Uhhh, I'd invest in something else. Just in case. The SiL chips are
a bit low end, and most SiL based cards I have seeen were of the
cheap and cheerful variety, and those sometimes have fairly
marginal electrical/noise designs.

> More importantly, the fact the system ran for months without the
> problem, and the problem only occurred after changing the array
> chassis and the file system strongly suggests this is not the
> root of the issue.

Not necessarily: a different file system may trigger different bugs
in the host adapter fw and in the drive fw by doing operations in a
different sequence with different timing.

> [ ... ] "HOW DO I RUN A FULL BLOCK-LEVEL HARDWARE TEST?"

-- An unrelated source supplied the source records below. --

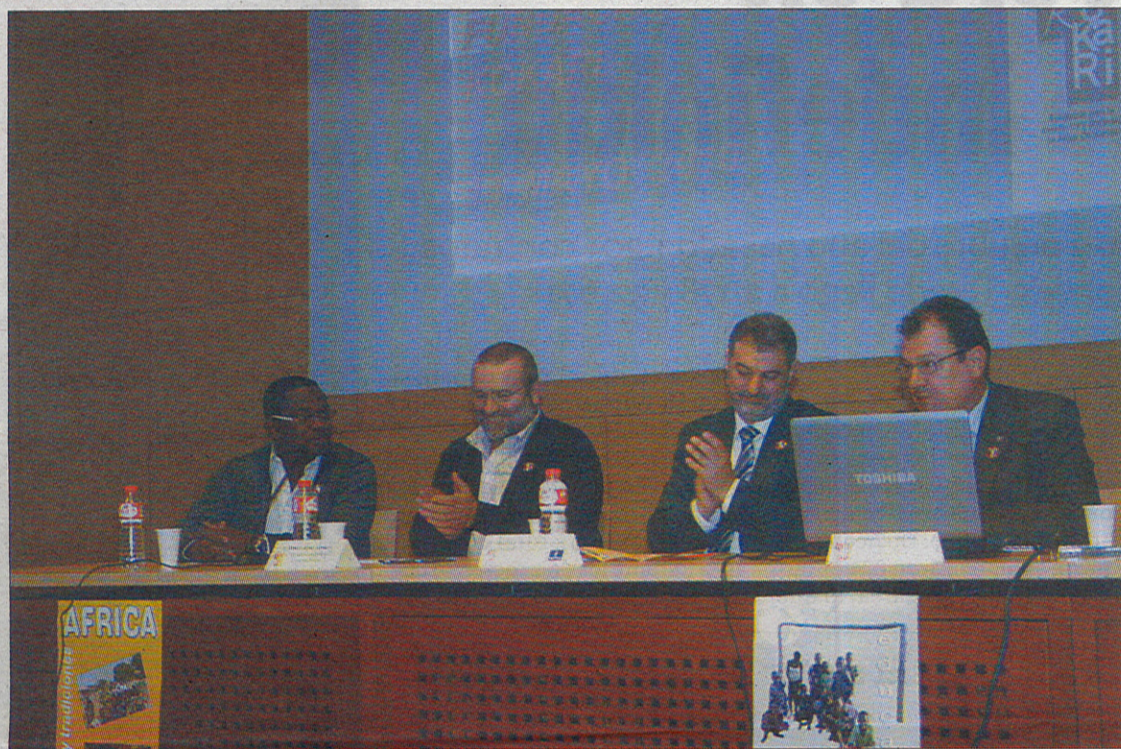
La presentación del proyecto ha tenido lugar en Illescas.

Al tiempo, se contempla la posibilidad de fijar ayudas para que aquellas personas que completen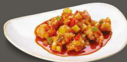
GAMBERI IN AGRODOLCE 8,00€ Gamberi fritti in pastella, peperoni, ananas, salsa agrodolce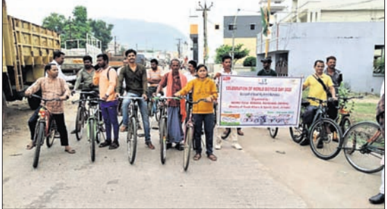
ପରିସରରୁ ଏକ ସଚେତନତା କାର୍ଯ୍ୟକ୍ରମ ବାହାରି ସହର ପରିକ୍ରମା କରିଥିଲା ।

ରାୟଗଡ଼ା ଜିଲ୍ଲା ପୁନିଗୁଡ଼ାଠାରେ ନେହେରୁ ଯୁବ କେନ୍ଦ୍ର ପକ୍ଷରୁ ବିଶ୍ଵ ସାଇକେଲ ଦିବସ ଶୁକ୍ରବାର ପାଳିତ ହୋଇଯାଇଛି । ଆଜିଦିନିଆ ଅନୁଷ୍ଠାନ ମହୋତ୍ସବ ଉପଲକ୍ଷେ ସ୍ଥାନୀୟ ଶହାଦ ଲକ୍ଷ୍ମଣ ନାୟକ ବସଷ୍ଟାଣ୍ଡ ଯାଇଥିଲା ।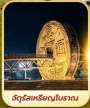
จัตุรัสเหรียญโบราณ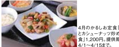
4月のかるしお定食「鶏とカシューナッツ炒め定食」1,200円。提供期間4/1~4/15まで。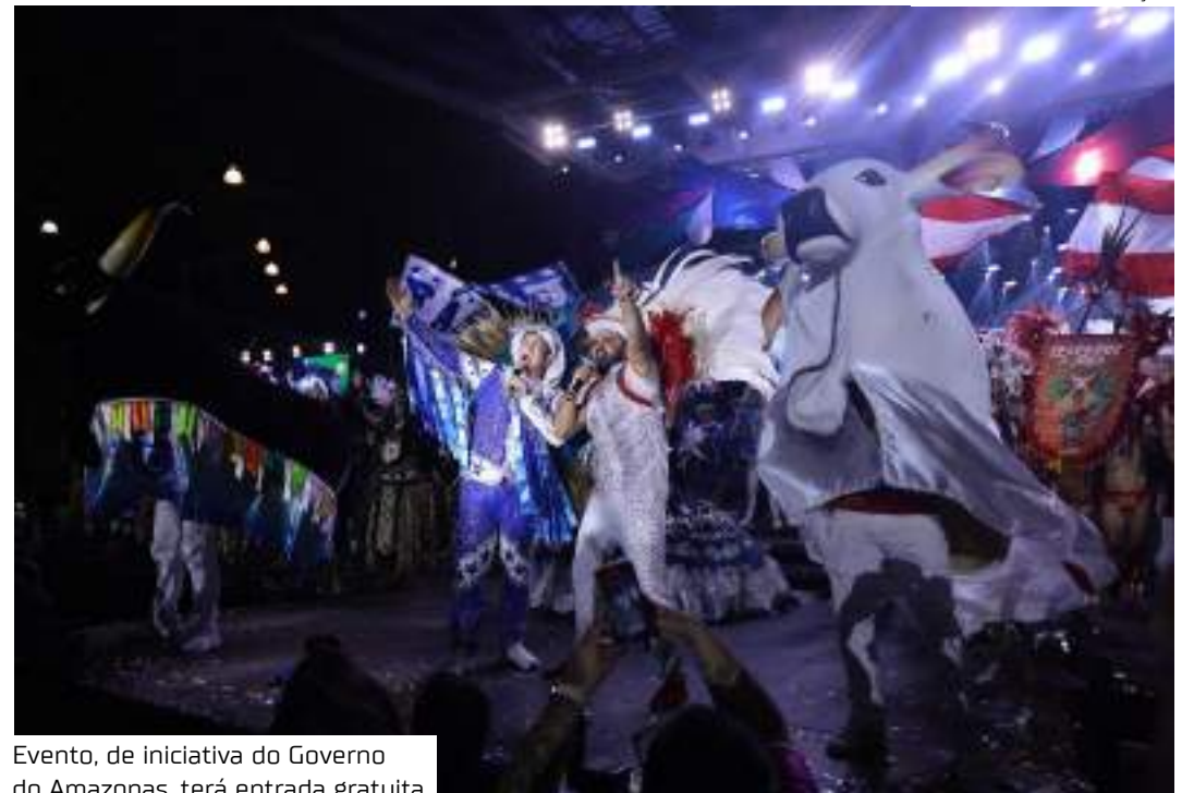
Evento, de iniciativa do Governo do Amazonas, terá entrada gratuita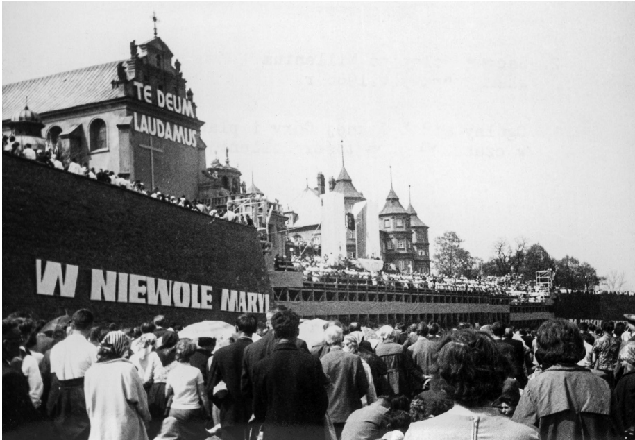
Ilustracja 4. Uczestnicy uroczystości milenijnych zgromadzeni na placu i na wałach jasnogórskich. 3 V 1966 r., Częstochowa (NAC, Zbiór fotografii dotyczących obchodów kościelnych Tysiąclecia Chrztu Polski, 3/19/0/-/3).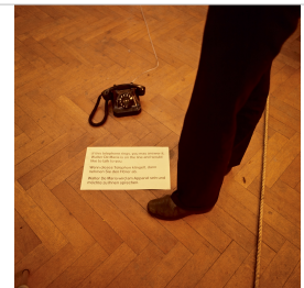
Walter De Maria, Art by Telephone , 1968.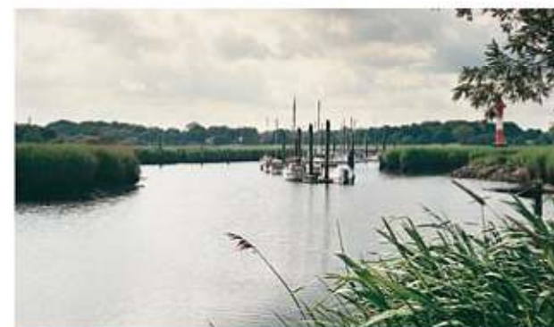
Wenn Sie uns auf dem Wasserweg erreichen wollen, können Sie im Yachthafen Berne-Juliusplate vor Anker gehen.

I agree that it seems unlikely that it is a physically defective
disk. More likely bad cabling, bad backplane, bad fw, bad
electrical/noise design.

Anyhow it is practically impossible on modern drives to run a full
black level hardware test on disk drives, which are more like block
servers, with several layers of interpolation between the command
level and the hardware.

However to run a *logical* block test, 'badblocks' from the
'e2fsprogs' package is the common choice.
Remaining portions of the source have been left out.